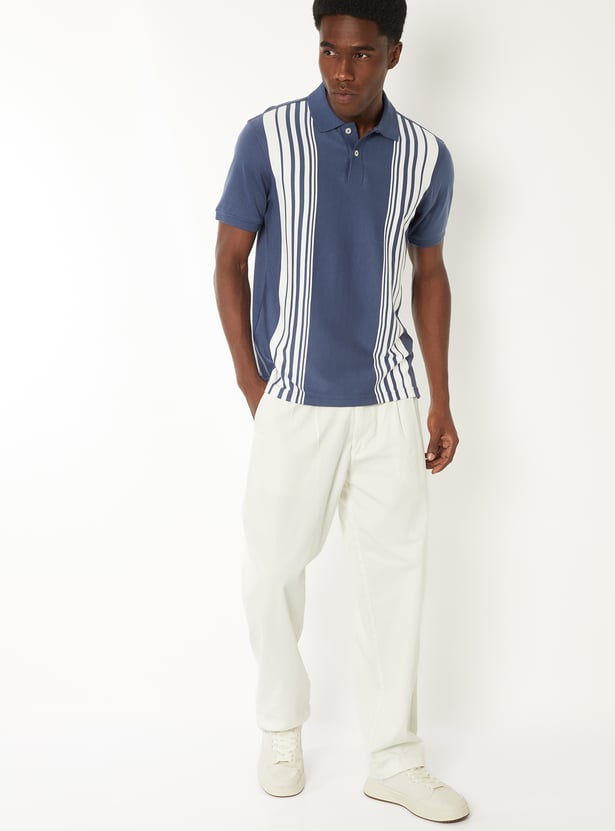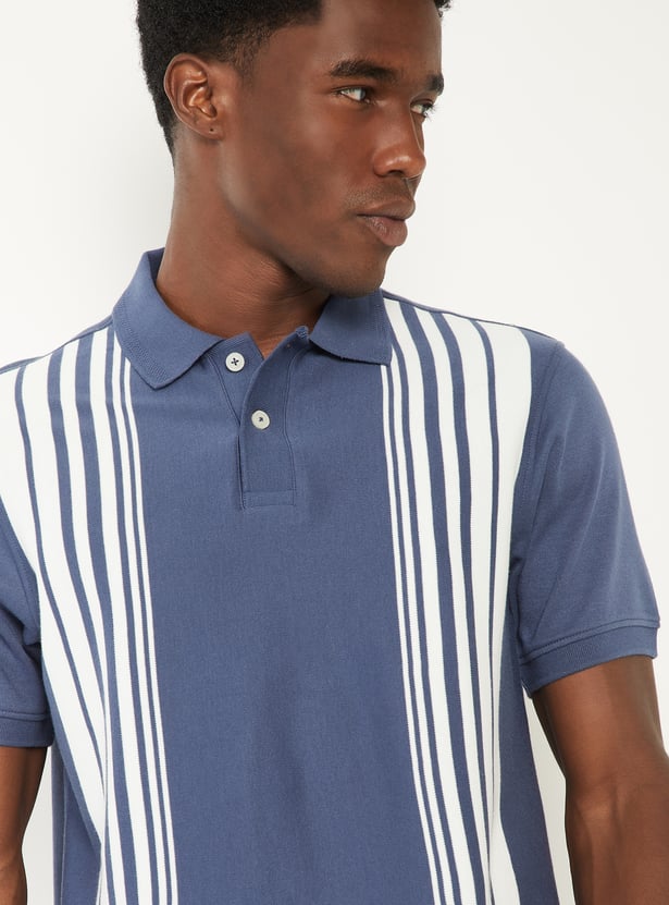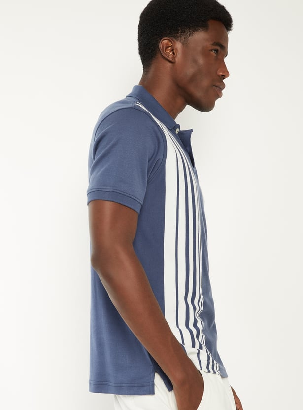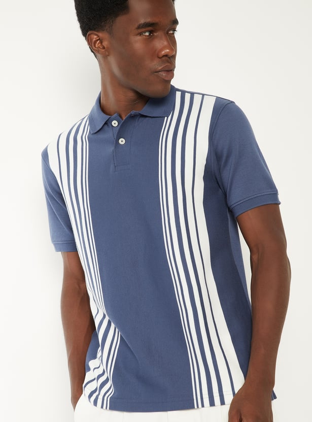 Keep it sporty yet stylish with this striped polo t-shirt. Featuring a classic polo collar, half button placket, and half sleeves, it offers a timeless look with a casual edge. The striped design adds a dynamic touch, making it versatile for both relaxed and smart-casual outfits.
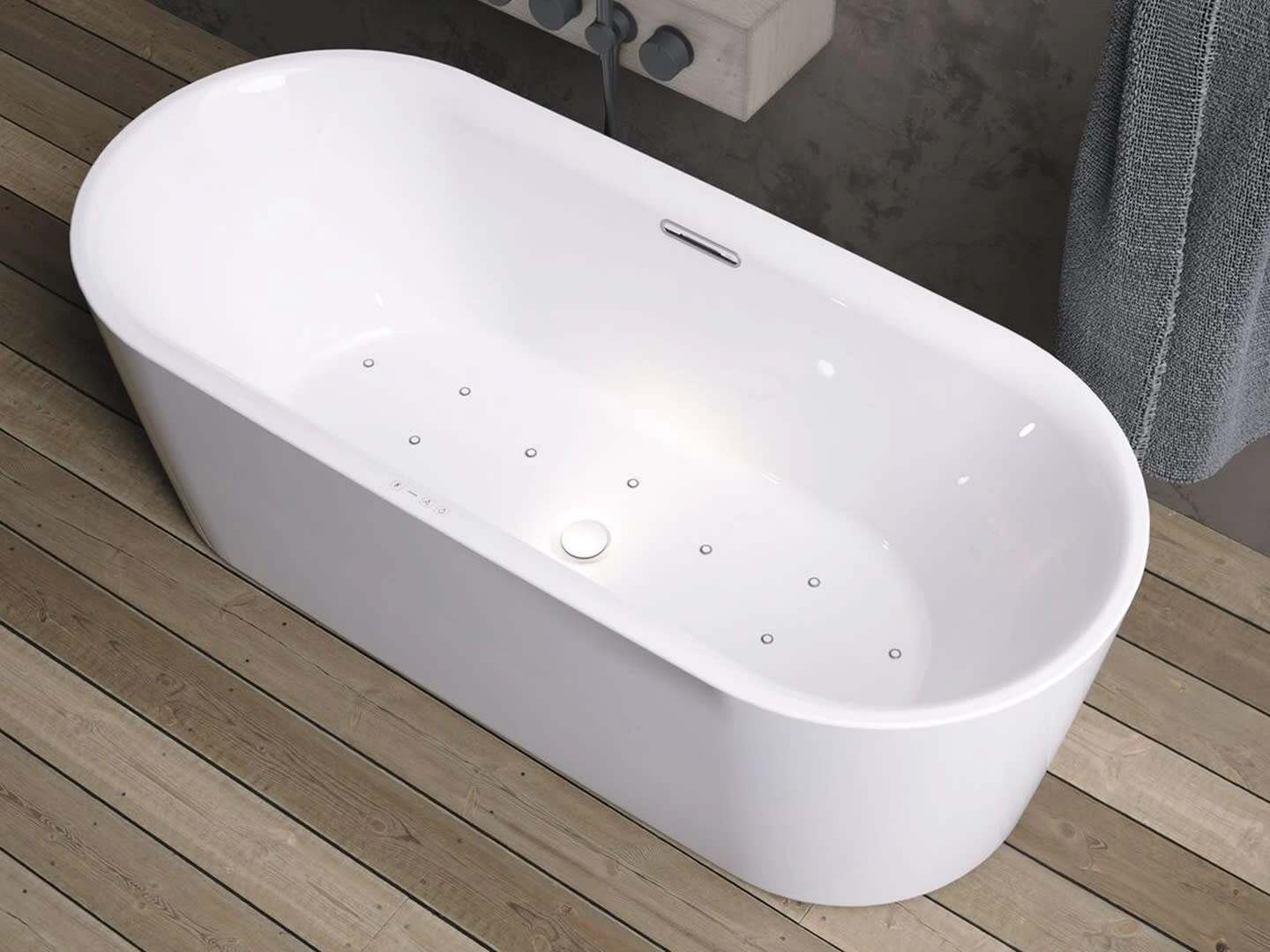 Riho Modesty freistehende Badewanne 170 x 76 cm mit Sparkle Mood + Riho Fall
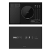 - Vezeték nélküli gyorstöltő: Tapasztalja meg a kényelmes és gyors töltést a szettben található vezeték nélküli gyorstöltővel. A vékony, kerek kialakítású töltő elegáns fekete felületén szintén megjelenik a "DISCOVER INNOVATION" felirat, amelyet egy fényes, krómhatású gyűrű keretez. Kompatibilis a Qi szabványt támogató eszközökkel, és a gyors töltési funkciónak köszönhetően rövid idő alatt feltöltheti készülékét.
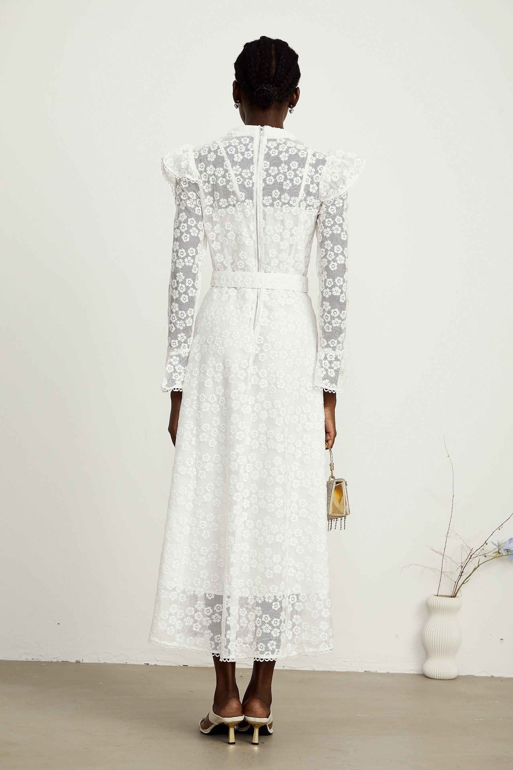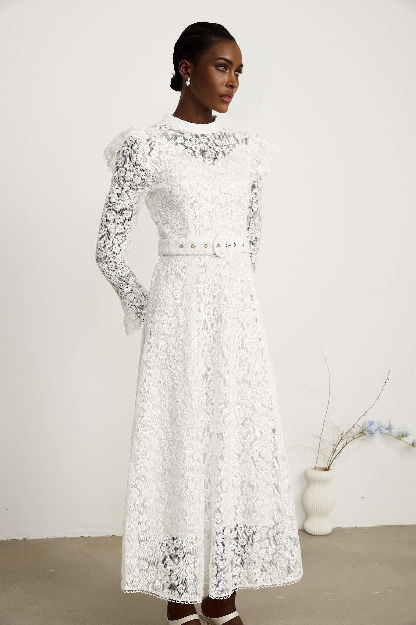 Macy Floral Midi Dress - Long Sleeved - Round Neck - Detailed Embroidery - Detachable Waist Belt
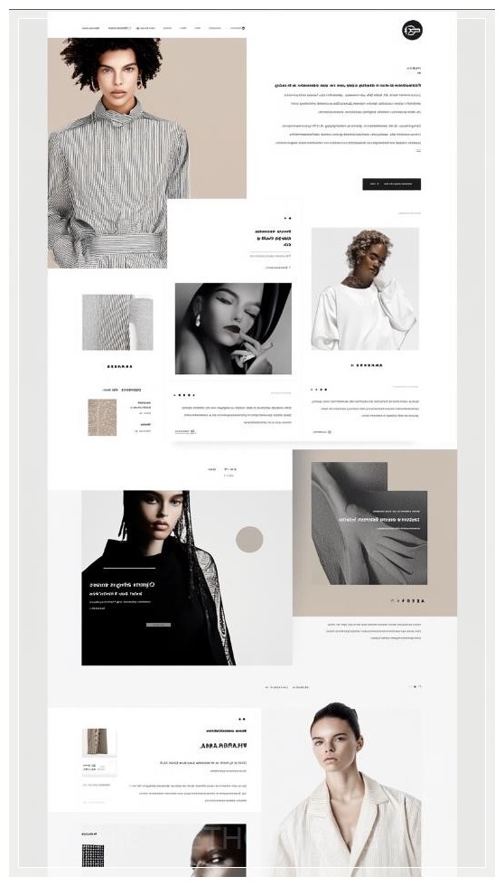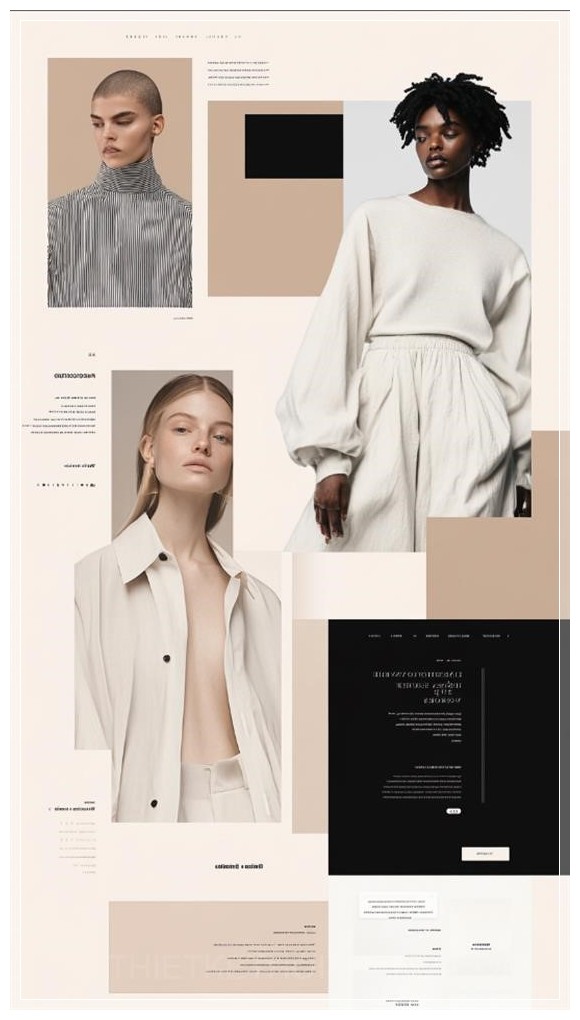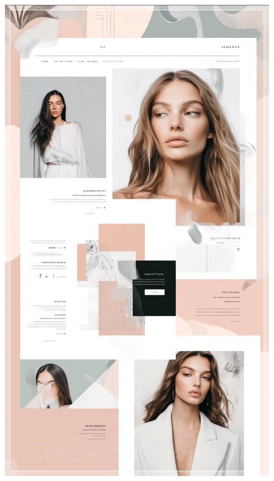 Thiết kế giao diện người dùng tinh tế và hiện đại cho trang chủ của một thương hiệu thời trang. Bố cục nổi bật với bảng màu nhẹ nhàng của các sắc pastel kết hợp với những điểm nhấn đen mạnh mẽ. Các tiêu đề lớn, phong cách thu hút sự chú ý, trong khi hình ảnh sản phẩm sang trọng được khung đẹp mắt. Phông nền có các họa tiết trừu tượng tinh tế, gợi lên cảm giác sang trọng. Không gian trống rộng rãi tạo nên vẻ ngoài gọn gàng, và kiểu chữ tinh tế mang đến một nét hiện đại, lấy cảm hứng từ thẩm mỹ sàn diễn cao cấp.
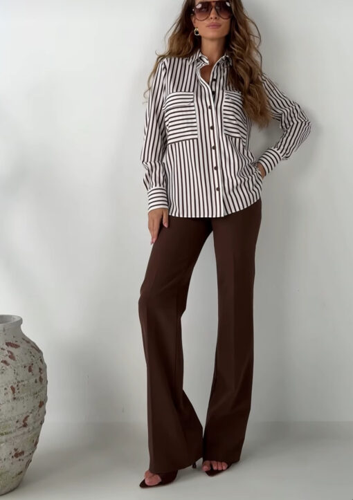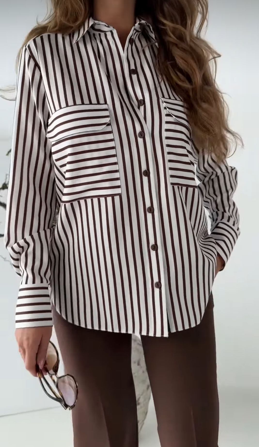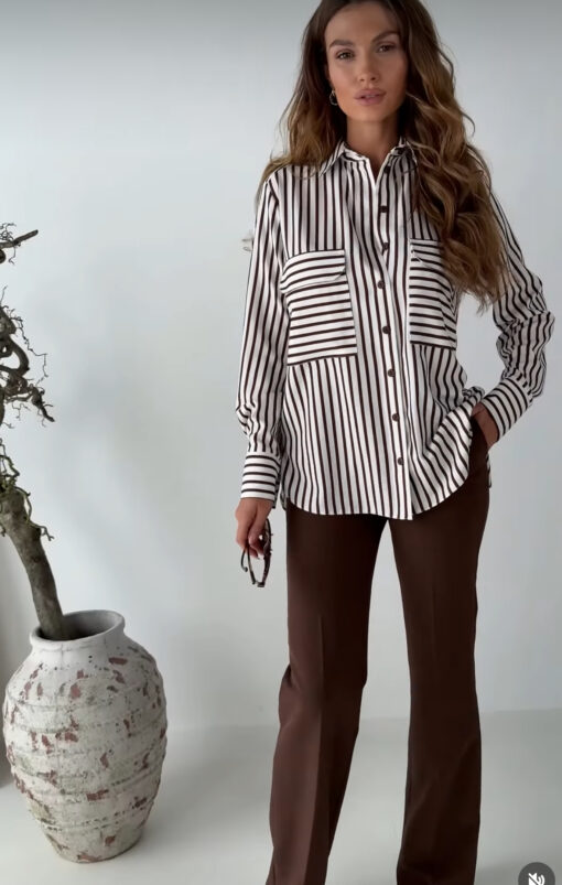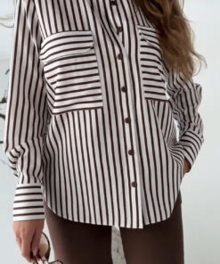 Ilginti dryžuoti marškiniai – patogus ir stilingas pasirinkimas tiek kasdienai, tiek darbui. Lengvai krintantis audinys, užsegami sagomis, dvi dekoratyvinės kišenės priekyje ir kontrastinga dryžuota kombinacija suteikia šiam modeliui išskirtinumo.
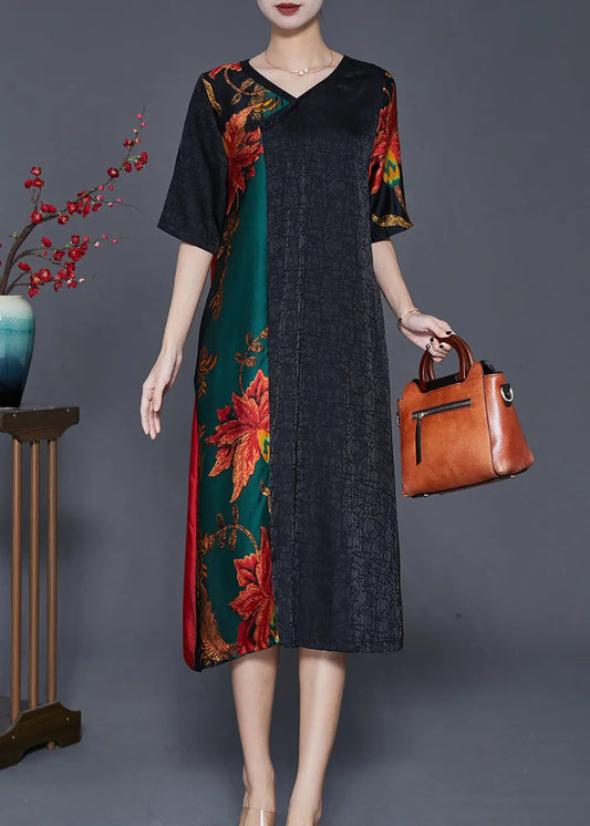Robe élégante en soie à col en V et blocs de couleurs pour l'été ML0370
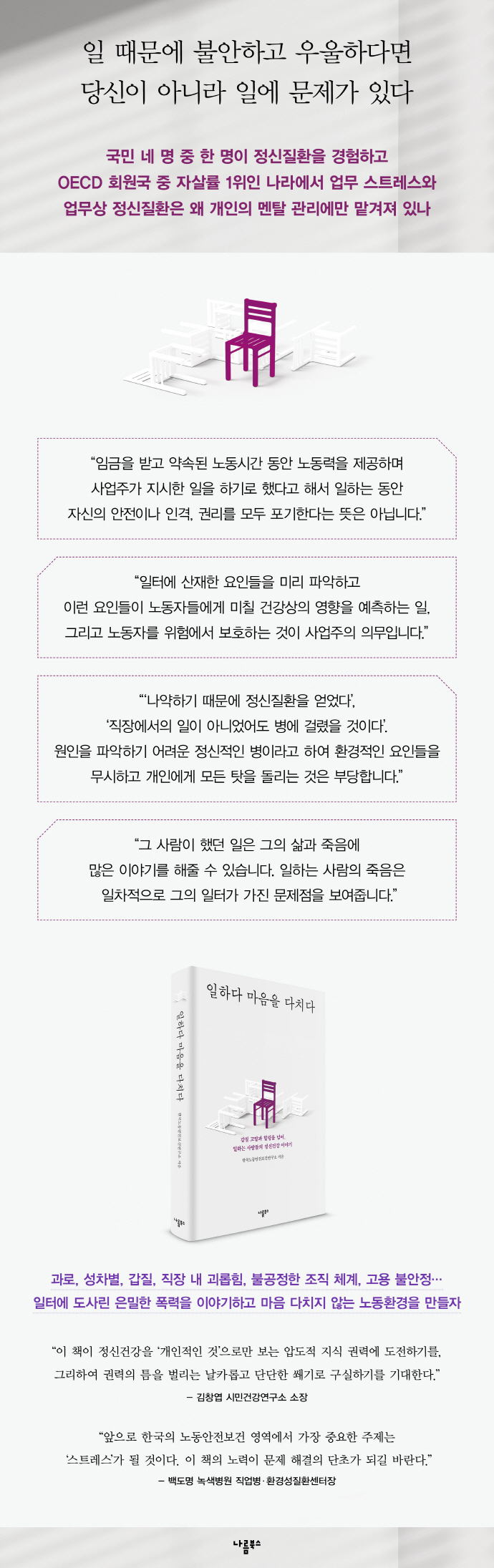 일터에서 발생하는 스트레스와 노동자 정신건강 문제를 분석하고 해결 방안을 모색한다. 업무상 정신질환과 산업재해를 추적, 연구해온 의료, 법률, 노동 전문가들이 극단적 사례나 질병과 치료에 집중됐던 그간의 방식에서 벗어나 원인과 일터에 주목해 구체적이고 쉬운 말로 노동자 정신건강을 다뤘다. 직무 스트레스의 모형과 정신질환에 대한 이해, 자살 통계 분석, 정신질환과 자살의 산업재해 보상 절차, 직장 내 정신건강 증진 활동 방안 등을 서술했다. 결국 노동자 정신건강은 일하기 좋은 일터를 만드는 데 달려 있다는 결론으로 나아간다.
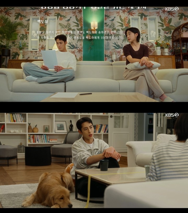 이날 방송에서는 도하와 하경의 좌충우돌 동거 생활이 펼쳐졌다. 도하는 하경에게 땅콩집 동거 계약서를 제안했다. 도하의 계약서를 확인한 하경은 다음 날 세부 조항을 빼곡하게 작성해 전달했고, 우여곡절 끝에 두 사람의 계약서가 완성됐다.
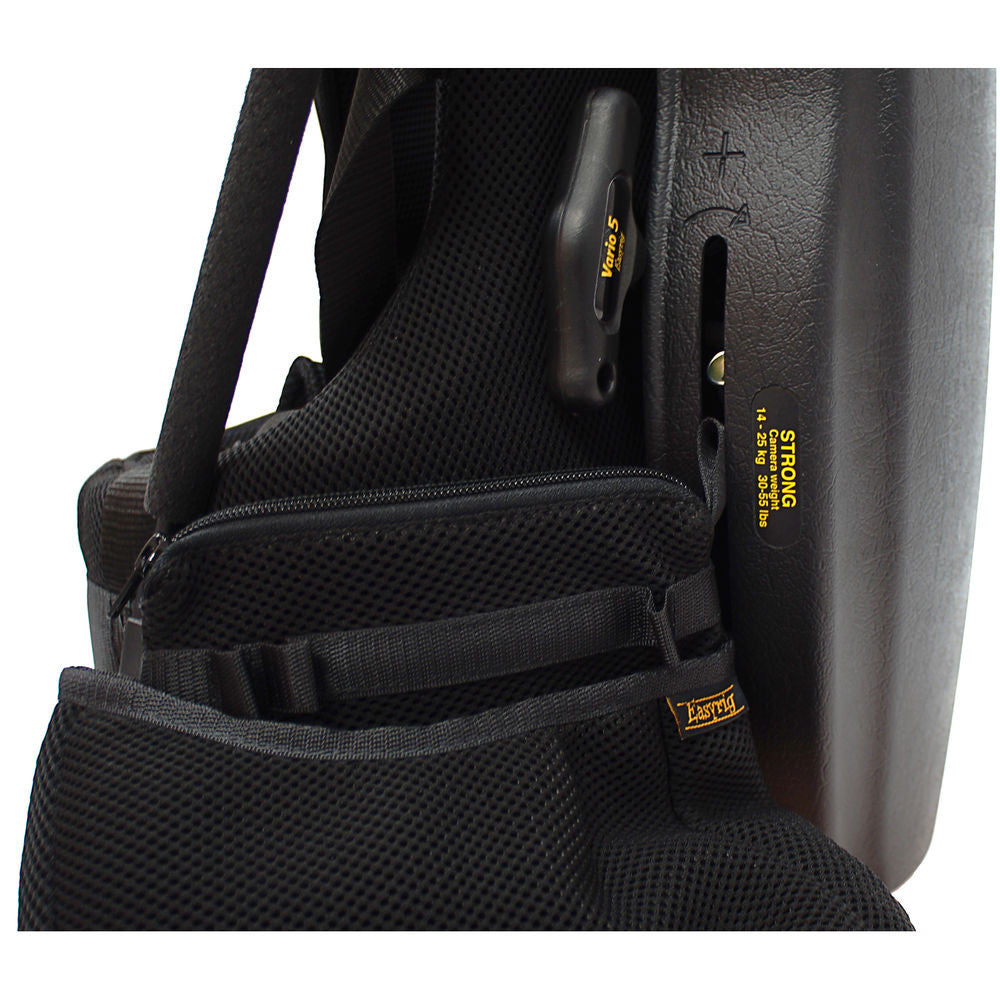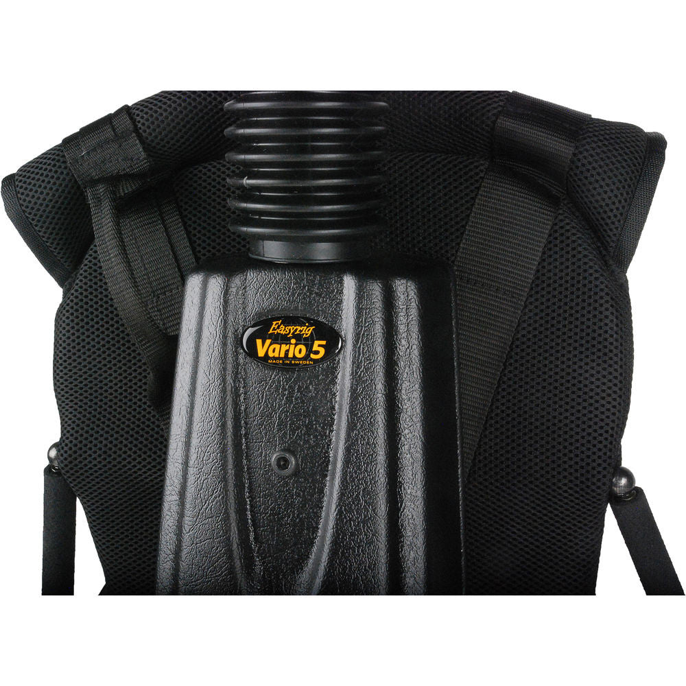 The Easyrig Vario 5 Strong with Large Cinema 3 Vest & Standard Arm is a body-worn support system that is adjustable to support camera rigs weighing 30 to 55 lb. The system consists of the Vario 5 strong support bar, the large Cinema 3 double shoulder vest, and a standard support arm. A carrying bag is also included for convenient storage and transport of the Easyrig system. The system works by using a suspension line to support the weight of the gimbal rig, taking the load off of your shoulder, neck, and arm muscles, and distributing it across your torso. The tension line is adjustable by turning a screw in the back, letting you dial in the appropriate amount of tension for your rig.
• • • • • • •
Task item:
Nothing but the lines from the one containing "일터에서 발생하는 스트레스와" through the end of the entries is to be retyped, exactly as written and without pictures.

The answer:
 일터에서 발생하는 스트레스와 노동자 정신건강 문제를 분석하고 해결 방안을 모색한다. 업무상 정신질환과 산업재해를 추적, 연구해온 의료, 법률, 노동 전문가들이 극단적 사례나 질병과 치료에 집중됐던 그간의 방식에서 벗어나 원인과 일터에 주목해 구체적이고 쉬운 말로 노동자 정신건강을 다뤘다. 직무 스트레스의 모형과 정신질환에 대한 이해, 자살 통계 분석, 정신질환과 자살의 산업재해 보상 절차, 직장 내 정신건강 증진 활동 방안 등을 서술했다. 결국 노동자 정신건강은 일하기 좋은 일터를 만드는 데 달려 있다는 결론으로 나아간다.
 이날 방송에서는 도하와 하경의 좌충우돌 동거 생활이 펼쳐졌다. 도하는 하경에게 땅콩집 동거 계약서를 제안했다. 도하의 계약서를 확인한 하경은 다음 날 세부 조항을 빼곡하게 작성해 전달했고, 우여곡절 끝에 두 사람의 계약서가 완성됐다.
 The Easyrig Vario 5 Strong with Large Cinema 3 Vest & Standard Arm is a body-worn support system that is adjustable to support camera rigs weighing 30 to 55 lb. The system consists of the Vario 5 strong support bar, the large Cinema 3 double shoulder vest, and a standard support arm. A carrying bag is also included for convenient storage and transport of the Easyrig system. The system works by using a suspension line to support the weight of the gimbal rig, taking the load off of your shoulder, neck, and arm muscles, and distributing it across your torso. The tension line is adjustable by turning a screw in the back, letting you dial in the appropriate amount of tension for your rig.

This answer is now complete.